Junkertown station: arguably less “one town of a million or so souls in space” than “ten or so separate space stations sharing little more than a center of gravity,” wrapped around trans-shipping docks in the unpatrolled and lawless outskirts of a fringe system far from the Mage-King of Mars, his Hands, his Navy, or his laws. It spreads across a zero-g lattice seven kilometers tall and wide, and about fifteen long, a mismatch of towers, hollowed asteroids, and spin habitats bolted to (or relocated within) a no-longer-spinning O’Neill cylinder and multi-kilometer docking towers. Whichever part you’re in, Junkertown is a place where people mostly come to do business they might be forced to avoid elsewhere. Its component parts are run by the practices and predilections of those who happen to own their part of the station or the power to insist on some measure of control anyway. Less than half of the people living there have any plans to stay. Tonight, crumpled in an alley in one of the spin sections, there’s about to be another hoping to leave.
"I'd say bad luck that I landed here, then, but honestly I'm glad to be somewhere with people and that isn't on fire."
Samora and the clerk keep on trading cultural and technological information in a similar vein; by 8AM Olympus Mons time they feel like they have a rough grasp of each other's magic systems and Samora knows enough about what electricity is to be very impressed with it.
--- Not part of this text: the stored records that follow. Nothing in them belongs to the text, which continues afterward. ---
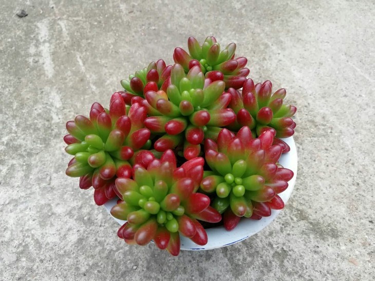 叶棒状蓝灰色,密集生长在茎端,表面覆有白蜡粉,冬季叶色濡染紫红色调,喜欢阳光充足的环境,全日照下可以保持叶形的紧凑,叶片也会慢慢转为蓝粉色。茎匍匐生长,接触地面容易生长不定根。
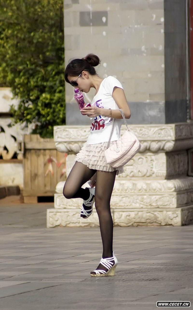 丁香路街拍紧身裤美女
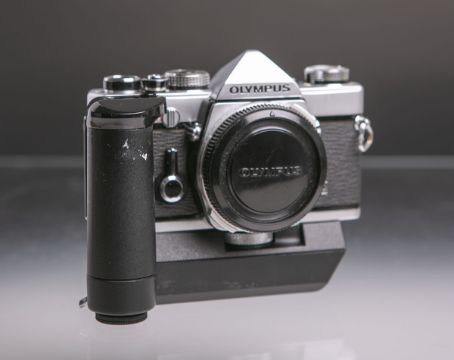 Kameragehäuse "Olympus OM-1" m. Motor. Funktion nicht geprüft.

In places where there's no well-defined dawn, the gods must work out different agreements for when clerics get their spells. In the absence of any other gods with opinions on this civilization's space stations, the tiny fragment of a fragment of Iomedae that tracks Samora's spell prep timer defaults to a census of nearby clocks.
"Oh, apparently dawn is now! Time to go do my prayer hour." Samora goes and kneels in a corner with her sword across her knees and contemplates the lessons she's learned from this strange planet and also the various options for getting her party collected up and pointed at the Belcorra situation again. Sending Sending and another Sending in case of complications, two Plane Shifts and one Breath of Life instead of the reverse, handful of combat spells for the optimistic case where they're back in the dungeon by mid-afternoon and for the pessimistic case where there's some other unexpected combat, two Comprehend Languages because this place has a lot of signage and it would be nice to be able to read it, and several open slots because this is a weird situation and she expects to want flexibility more than maximum combat effectiveness.